With the pictures set aside, write out all of the data exactly as it stands.
[Records Boundary: Start]
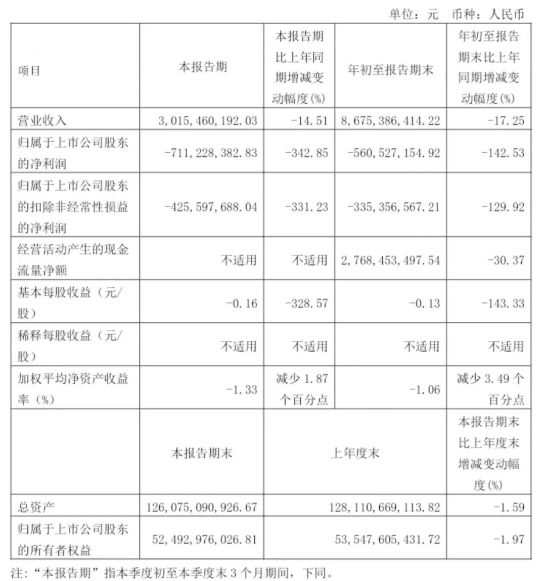 但在歸母凈利潤上,第三季度內(nèi),7.11億元的虧損,直接讓這個數(shù)據(jù)比去年同期減少了342.85%。而其第一季度1.46億元和第二季度481.94萬元的利潤雖然同比去年下滑明顯,但至少保持在正值。
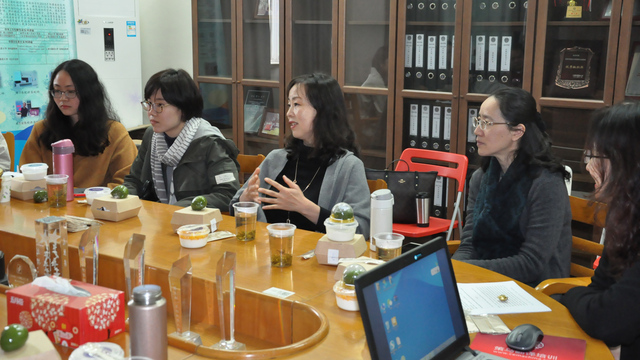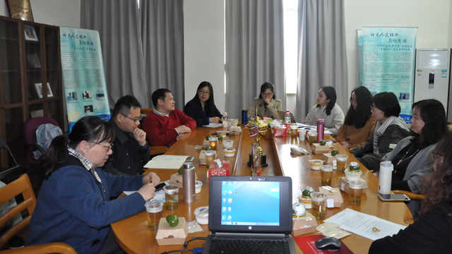 活动在轻松愉快的氛围中开始。首先,王欣老师以“人文化英语教育与跨文化深耕能力培养”为主题,阐释了人文化教学理念之下的人才培养,学生通过联想思维习惯的培养,建构自主学习的动力,在跨文化交际能力提升的同时,不断提高跨文化深耕能力,实现自我的可持续成长。王老师以诗歌教学为例,谈到了课堂教学中如何实现教材的调整与丰富,以及如何在教学中实现启发、对话、联想的教育方法。查明建老师首先介绍了全国英语专业的现状和各大学英语专业纷纷进行改革探索的趋势,谈学院如何在八年来人文化改革的基础上,再进一步深化专业教育改革。目前,学院正在创建“英语专业人文社科研究型人才培养实验班”,查老师介绍了创建“人文实验班”的初衷、目标和实施方案,希望以“人文实验班”作为专业拔尖创新人才培养的探讨平台,加大专业改革的力度,探索高端化、精英化、专业化人才的培养机制,及时总结经验,向全院推广。通过实验班的创新模式和标杆作用,整体提升学院人才培养的水平,打造一流本科,并由此促进研究生教育改革,实现由偶然到必然、由个体到群体的高端专业人才涌现。
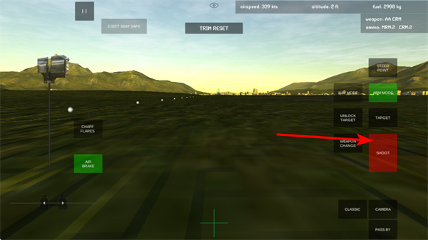 1、掌握攻擊操作,在游戲界面中,點(diǎn)擊SHOOT按鈕,學(xué)習(xí)并掌握戰(zhàn)機(jī)的攻擊操作,為戰(zhàn)斗做好準(zhǔn)備。
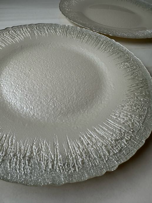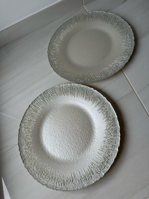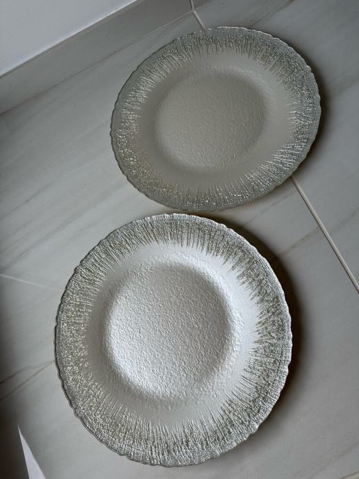 Zelo lepo ohranjena, malo rabljena steklena rahlo svečana okrasna krožnika, srebrno-zlate barve. Kontakt: 040776670
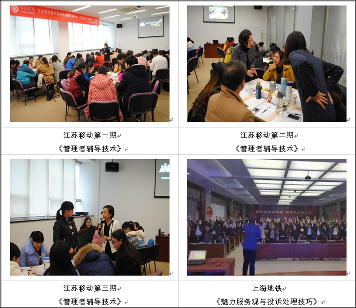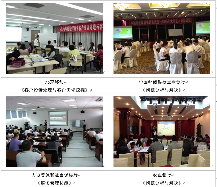 曾受邀兄弟单位及省级医院、电力系统做《打造营业厅服务蓝图》及《客户投诉处理培训》、《问题分析与解决》,得到业界的高度认可,好评如潮
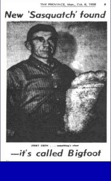 Jerry Crew made a plaster cast of one of these footprints and took it to the Local newspaper. The newspaper editor commentated on it being a ‘big’ foot, and ran the story with the word ‘Bigfoot’ used for the first time. The resulting news story was picked up by the associated press wire and Bigfoot was famous.
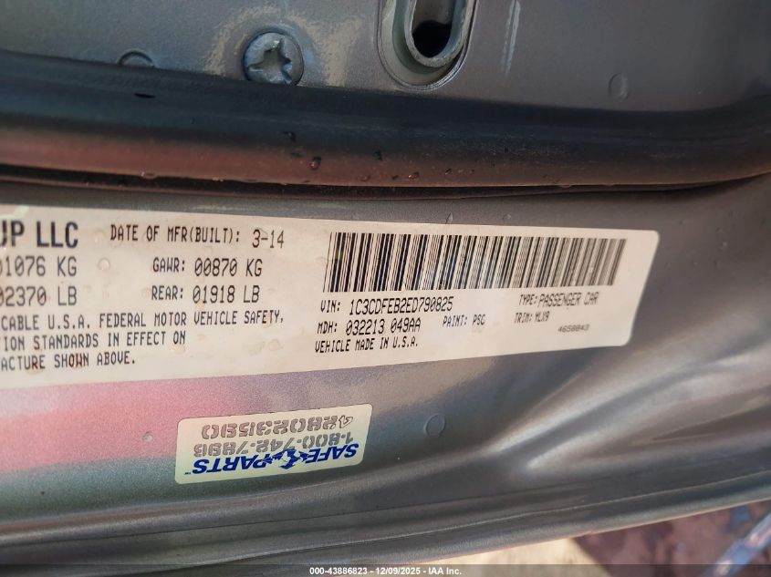 2014 DODGE DART - 1C3CDFEB2ED790825, цвет - Серебряный, 2.4, Бензин, Передний привод из США
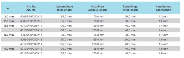 risa twisted drills are available with diameters from 1.0 to 10.0 mm. We offer all popular coupling options. Our drills are manufactured on fully automated grinding machines and come with perfect concentricity. The cutting angles are optimized for a work with minimum effort. Our product range includes cannulated drills as well as drills with flexible shank. Please contact us for your personal offer of drills according to your drawing or sketch.
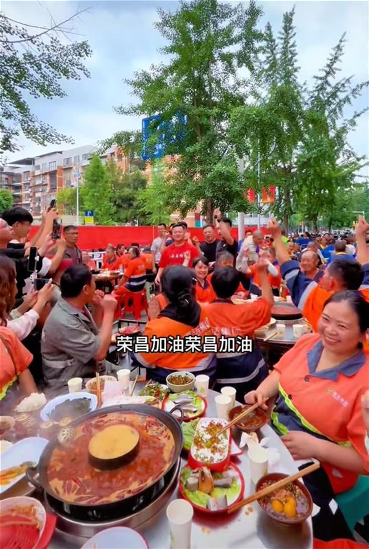 前述高洁公司工作人员告诉极目新闻记者,他们负责荣昌城区所有道路的环卫工作,该公司有负责园林绿化和清扫保洁的环卫工作人员,“我们公司有1200名环卫工人,分两批,今天有600名环卫工人去吃火锅,明天再去一批。”
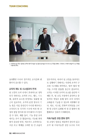되기 위해서는 조직의 구조, 제도, 시스 해한 후, 팀 코칭 과정에서 유연하고 중
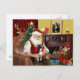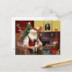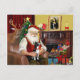 Santa at home with his Boston Terrier, relaxing in front of the fire before the big night. Notice Mona Lisa over the mantle holding the same dog.
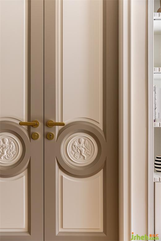 鞋柜融合卡座設計,內(nèi)部有掛衣區(qū)和鞋帽區(qū),外部設計開架及抽屜,花漾美作方便業(yè)主多方位儲物需求,疊級門板搭配金屬把手及藤編元素提升了空間的活力。
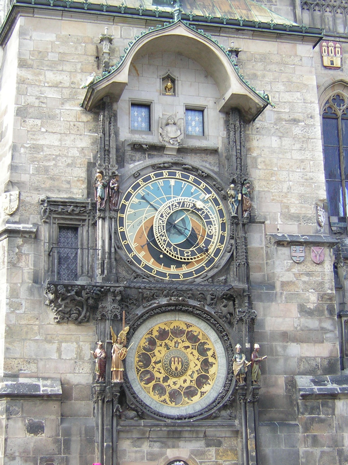 Старинные часы XV столетия власти города решили установить с одной целью – чтобы жители Праги, занятые торговлей прямо на площади, которая тогда служила одновременно и рынком, не опаздывали в церковь к началу мессы. А дизайн часов, по замыслу их создателей, заставляет каждого человека задуматься о своей душе, приближая его к Богу. Отбивая каждый час, за колокол часов дергает скелет, который символизирует Смерть, звенящий монетами Скупой и смотрящийся в зеркало гордец ассоциируются с людскими пороками. После их появления начинается шествие двенадцати апостолов, напоминающих об истинной вере как способе праведной жизни.
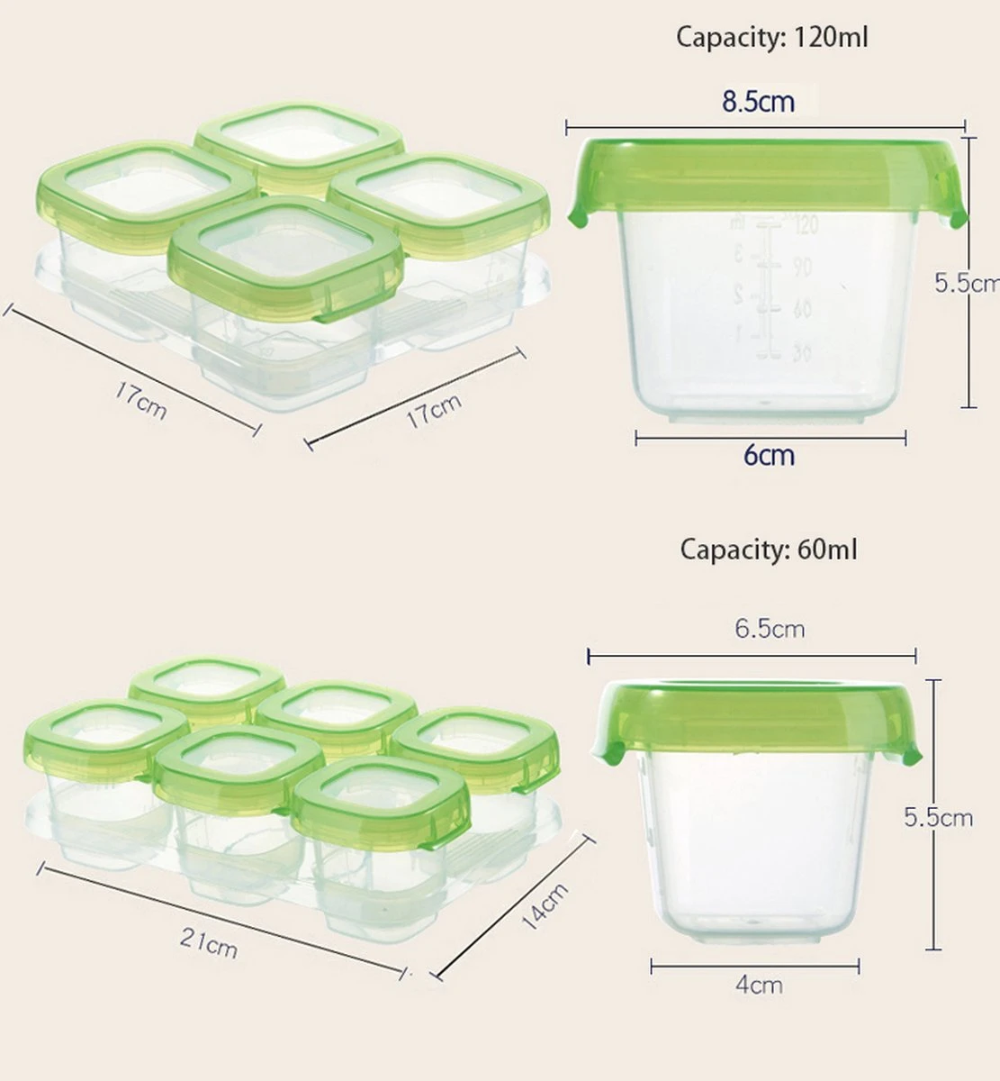 De Fiorire bewaarbakjes voor babyvoeding zijn speciaal ontworpen om het een stuk makkelijker te maken om eigen gemaakte hapjes mee te nemen voor onderweg of te gebruiken voor thuis. Met dit samengestelde pakket van 4 bakjes met 120 ml inhoud en 6 bakjes met 60 ml inhoud heeft u een fijne basis. De bakjes zitten in een tray waardoor alles goed recht blijft staan in de vriezer en deze tray is stapelbaar. Met gemak pakt u de gewenste hoeveelheid uit de tray en genieten maar!
[Records Boundary: End]
**Written answer**
 但在歸母凈利潤上,第三季度內(nèi),7.11億元的虧損,直接讓這個數(shù)據(jù)比去年同期減少了342.85%。而其第一季度1.46億元和第二季度481.94萬元的利潤雖然同比去年下滑明顯,但至少保持在正值。
 活动在轻松愉快的氛围中开始。首先,王欣老师以“人文化英语教育与跨文化深耕能力培养”为主题,阐释了人文化教学理念之下的人才培养,学生通过联想思维习惯的培养,建构自主学习的动力,在跨文化交际能力提升的同时,不断提高跨文化深耕能力,实现自我的可持续成长。王老师以诗歌教学为例,谈到了课堂教学中如何实现教材的调整与丰富,以及如何在教学中实现启发、对话、联想的教育方法。查明建老师首先介绍了全国英语专业的现状和各大学英语专业纷纷进行改革探索的趋势,谈学院如何在八年来人文化改革的基础上,再进一步深化专业教育改革。目前,学院正在创建“英语专业人文社科研究型人才培养实验班”,查老师介绍了创建“人文实验班”的初衷、目标和实施方案,希望以“人文实验班”作为专业拔尖创新人才培养的探讨平台,加大专业改革的力度,探索高端化、精英化、专业化人才的培养机制,及时总结经验,向全院推广。通过实验班的创新模式和标杆作用,整体提升学院人才培养的水平,打造一流本科,并由此促进研究生教育改革,实现由偶然到必然、由个体到群体的高端专业人才涌现。
 1、掌握攻擊操作,在游戲界面中,點(diǎn)擊SHOOT按鈕,學(xué)習(xí)并掌握戰(zhàn)機(jī)的攻擊操作,為戰(zhàn)斗做好準(zhǔn)備。
 Zelo lepo ohranjena, malo rabljena steklena rahlo svečana okrasna krožnika, srebrno-zlate barve. Kontakt: 040776670
 曾受邀兄弟单位及省级医院、电力系统做《打造营业厅服务蓝图》及《客户投诉处理培训》、《问题分析与解决》,得到业界的高度认可,好评如潮
 Jerry Crew made a plaster cast of one of these footprints and took it to the Local newspaper. The newspaper editor commentated on it being a ‘big’ foot, and ran the story with the word ‘Bigfoot’ used for the first time. The resulting news story was picked up by the associated press wire and Bigfoot was famous.
 2014 DODGE DART - 1C3CDFEB2ED790825, цвет - Серебряный, 2.4, Бензин, Передний привод из США
 risa twisted drills are available with diameters from 1.0 to 10.0 mm. We offer all popular coupling options. Our drills are manufactured on fully automated grinding machines and come with perfect concentricity. The cutting angles are optimized for a work with minimum effort. Our product range includes cannulated drills as well as drills with flexible shank. Please contact us for your personal offer of drills according to your drawing or sketch.
 前述高洁公司工作人员告诉极目新闻记者,他们负责荣昌城区所有道路的环卫工作,该公司有负责园林绿化和清扫保洁的环卫工作人员,“我们公司有1200名环卫工人,分两批,今天有600名环卫工人去吃火锅,明天再去一批。”
되기 위해서는 조직의 구조, 제도, 시스 해한 후, 팀 코칭 과정에서 유연하고 중
 Santa at home with his Boston Terrier, relaxing in front of the fire before the big night. Notice Mona Lisa over the mantle holding the same dog.
 鞋柜融合卡座設計,內(nèi)部有掛衣區(qū)和鞋帽區(qū),外部設計開架及抽屜,花漾美作方便業(yè)主多方位儲物需求,疊級門板搭配金屬把手及藤編元素提升了空間的活力。
 Старинные часы XV столетия власти города решили установить с одной целью – чтобы жители Праги, занятые торговлей прямо на площади, которая тогда служила одновременно и рынком, не опаздывали в церковь к началу мессы. А дизайн часов, по замыслу их создателей, заставляет каждого человека задуматься о своей душе, приближая его к Богу. Отбивая каждый час, за колокол часов дергает скелет, который символизирует Смерть, звенящий монетами Скупой и смотрящийся в зеркало гордец ассоциируются с людскими пороками. После их появления начинается шествие двенадцати апостолов, напоминающих об истинной вере как способе праведной жизни.
 De Fiorire bewaarbakjes voor babyvoeding zijn speciaal ontworpen om het een stuk makkelijker te maken om eigen gemaakte hapjes mee te nemen voor onderweg of te gebruiken voor thuis. Met dit samengestelde pakket van 4 bakjes met 120 ml inhoud en 6 bakjes met 60 ml inhoud heeft u een fijne basis. De bakjes zitten in een tray waardoor alles goed recht blijft staan in de vriezer en deze tray is stapelbaar. Met gemak pakt u de gewenste hoeveelheid uit de tray en genieten maar!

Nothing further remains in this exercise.